Skip every picture while you write out the records below, from the first line through the one that contains "Har du köpt", both ends kept.

(Dataset excerpts)
▬▬▬▬▬▬▬▬▬▬
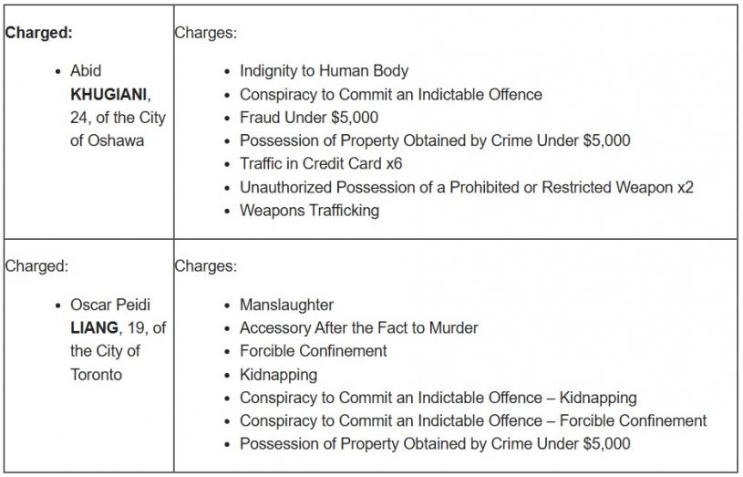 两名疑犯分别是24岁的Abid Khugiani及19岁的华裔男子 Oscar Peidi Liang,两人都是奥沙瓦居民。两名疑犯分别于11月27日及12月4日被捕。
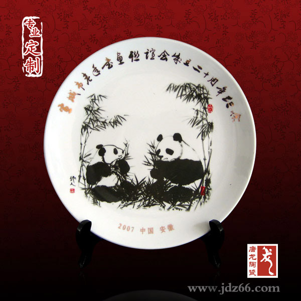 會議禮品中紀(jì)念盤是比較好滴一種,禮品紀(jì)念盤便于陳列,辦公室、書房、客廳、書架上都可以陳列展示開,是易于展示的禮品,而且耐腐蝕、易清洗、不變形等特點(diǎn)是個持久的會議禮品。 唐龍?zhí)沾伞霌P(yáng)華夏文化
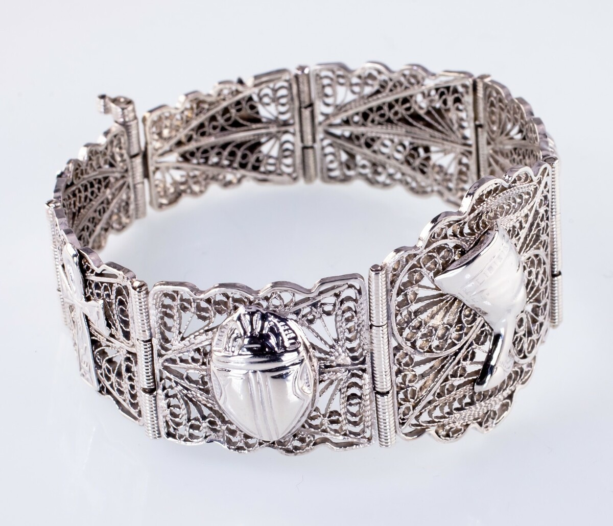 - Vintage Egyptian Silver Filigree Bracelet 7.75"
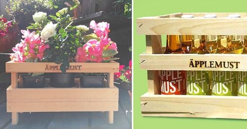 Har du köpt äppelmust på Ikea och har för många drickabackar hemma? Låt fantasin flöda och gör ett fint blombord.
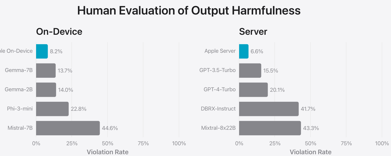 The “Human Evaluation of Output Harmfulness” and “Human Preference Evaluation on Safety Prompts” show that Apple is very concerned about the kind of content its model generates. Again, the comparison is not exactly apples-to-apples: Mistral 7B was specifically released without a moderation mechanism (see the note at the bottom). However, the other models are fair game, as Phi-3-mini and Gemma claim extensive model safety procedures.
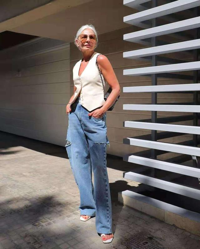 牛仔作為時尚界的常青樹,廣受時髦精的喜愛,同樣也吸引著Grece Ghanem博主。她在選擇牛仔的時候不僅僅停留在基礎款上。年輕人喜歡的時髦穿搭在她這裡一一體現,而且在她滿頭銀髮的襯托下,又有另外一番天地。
▬▬▬▬▬▬▬▬▬▬
ANSWER TO THIS TASK:
 两名疑犯分别是24岁的Abid Khugiani及19岁的华裔男子 Oscar Peidi Liang,两人都是奥沙瓦居民。两名疑犯分别于11月27日及12月4日被捕。
 會議禮品中紀(jì)念盤是比較好滴一種,禮品紀(jì)念盤便于陳列,辦公室、書房、客廳、書架上都可以陳列展示開,是易于展示的禮品,而且耐腐蝕、易清洗、不變形等特點(diǎn)是個持久的會議禮品。 唐龍?zhí)沾伞霌P(yáng)華夏文化
 - Vintage Egyptian Silver Filigree Bracelet 7.75"
 Har du köpt äppelmust på Ikea och har för många drickabackar hemma? Låt fantasin flöda och gör ett fint blombord.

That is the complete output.